**Work order:** For this exercise, restate word for word only the lines from the one containing "str. //// RA ////" through the last line below. Pictures do not get copied.

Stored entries
▬▬▬

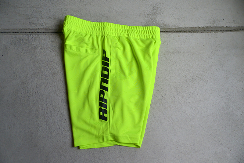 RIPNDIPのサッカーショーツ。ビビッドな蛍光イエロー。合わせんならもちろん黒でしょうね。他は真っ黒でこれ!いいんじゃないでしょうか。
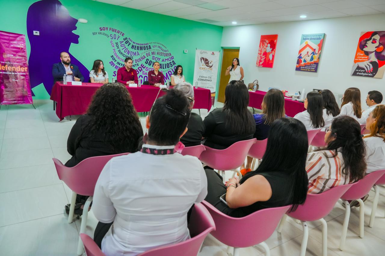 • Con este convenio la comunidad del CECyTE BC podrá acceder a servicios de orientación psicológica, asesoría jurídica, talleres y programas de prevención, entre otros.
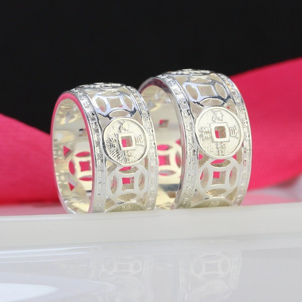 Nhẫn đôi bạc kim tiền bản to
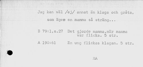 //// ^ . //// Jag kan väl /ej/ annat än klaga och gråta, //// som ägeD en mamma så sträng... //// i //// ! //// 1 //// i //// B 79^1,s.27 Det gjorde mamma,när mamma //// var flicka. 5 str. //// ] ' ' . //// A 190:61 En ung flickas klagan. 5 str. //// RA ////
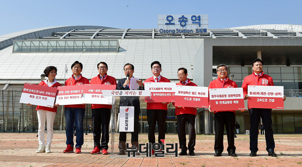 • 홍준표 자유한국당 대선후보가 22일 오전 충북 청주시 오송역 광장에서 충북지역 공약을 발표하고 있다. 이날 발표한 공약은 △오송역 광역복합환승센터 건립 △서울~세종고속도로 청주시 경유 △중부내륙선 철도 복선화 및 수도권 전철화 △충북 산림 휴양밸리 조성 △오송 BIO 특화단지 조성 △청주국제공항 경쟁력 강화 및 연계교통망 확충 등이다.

▬▬▬

**Final answer:**
 //// ^ . //// Jag kan väl /ej/ annat än klaga och gråta, //// som ägeD en mamma så sträng... //// i //// ! //// 1 //// i //// B 79^1,s.27 Det gjorde mamma,när mamma //// var flicka. 5 str. //// ] ' ' . //// A 190:61 En ung flickas klagan. 5 str. //// RA ////
 • 홍준표 자유한국당 대선후보가 22일 오전 충북 청주시 오송역 광장에서 충북지역 공약을 발표하고 있다. 이날 발표한 공약은 △오송역 광역복합환승센터 건립 △서울~세종고속도로 청주시 경유 △중부내륙선 철도 복선화 및 수도권 전철화 △충북 산림 휴양밸리 조성 △오송 BIO 특화단지 조성 △청주국제공항 경쟁력 강화 및 연계교통망 확충 등이다.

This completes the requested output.